Probabilmente non ci sono differenze con i comportamenti naturali dell'essere umano, forse aumentate nella lotta per il potere attraverso la lente d'ingrandimento dell'orgoglio e dell'egocentrismo. Tra i tanti paradossi dell'attività politica, ci sono quelli che si possono narrare, perché non sono credibili, ma ci sono quelli che non si possono mettere in relazione, perché sono veri. Ma quello che racconterò adesso, oltre a poter essere narrato, per quanto incredibile possa sembrare, era vero, così vero che la coerenza e il senso più intimo della logica fanno paura. Si è svolto il 31 maggio ed è apparso per prima cosa al Senato per rendere conto dei bilanci del Segretario di Stato.

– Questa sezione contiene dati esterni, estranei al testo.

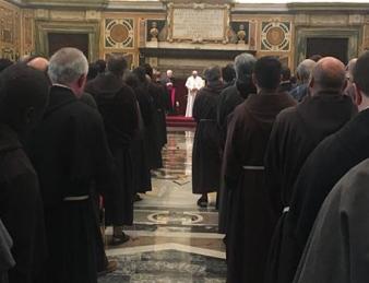 Il 23 novembre, nella Sala Clementina del Palazzo Apostolico, il Santo Padre Francesco ha ricevuto in Udienza i Membri delle Famiglie Francescane del Primo Ordine e del Terz’Ordine Regolare. A introdurre l’incontro è stato Fr. Mauro Jöhri, Ministro Generale dei Frati Minori Cappuccini, il quale ha ricordato al Santo Padre il cammino fin qui fatto assieme dalle Famiglie Francescane. Papa Francesco, a margine del suo intervento, ha commentato dicendo: “quello che state facendo è un bel cammino di minorità”. Al termine dell'incontro, il Santo Padre ha salutato singolarmente tutti i frati, mentre spontaneamente, tutti i frati intonavano Alto e Glorioso Dio e le Lodi a Dio Altissimo.

Allo stesso tempo, su un piano convesso, si stava svolgendo il dibattito al Congresso dei Deputati che, alla fine, avrebbe portato all'approvazione della mozione di censura da parte del nuovo presidente del Consiglio. Inutile dire che i senatori della mia Commissione sono stati teletrasportati in un'altra sfera planetaria, quella della Carrera de San Jerónimo. E stavano prendendo posto per iniziare la mia sessione di controllo.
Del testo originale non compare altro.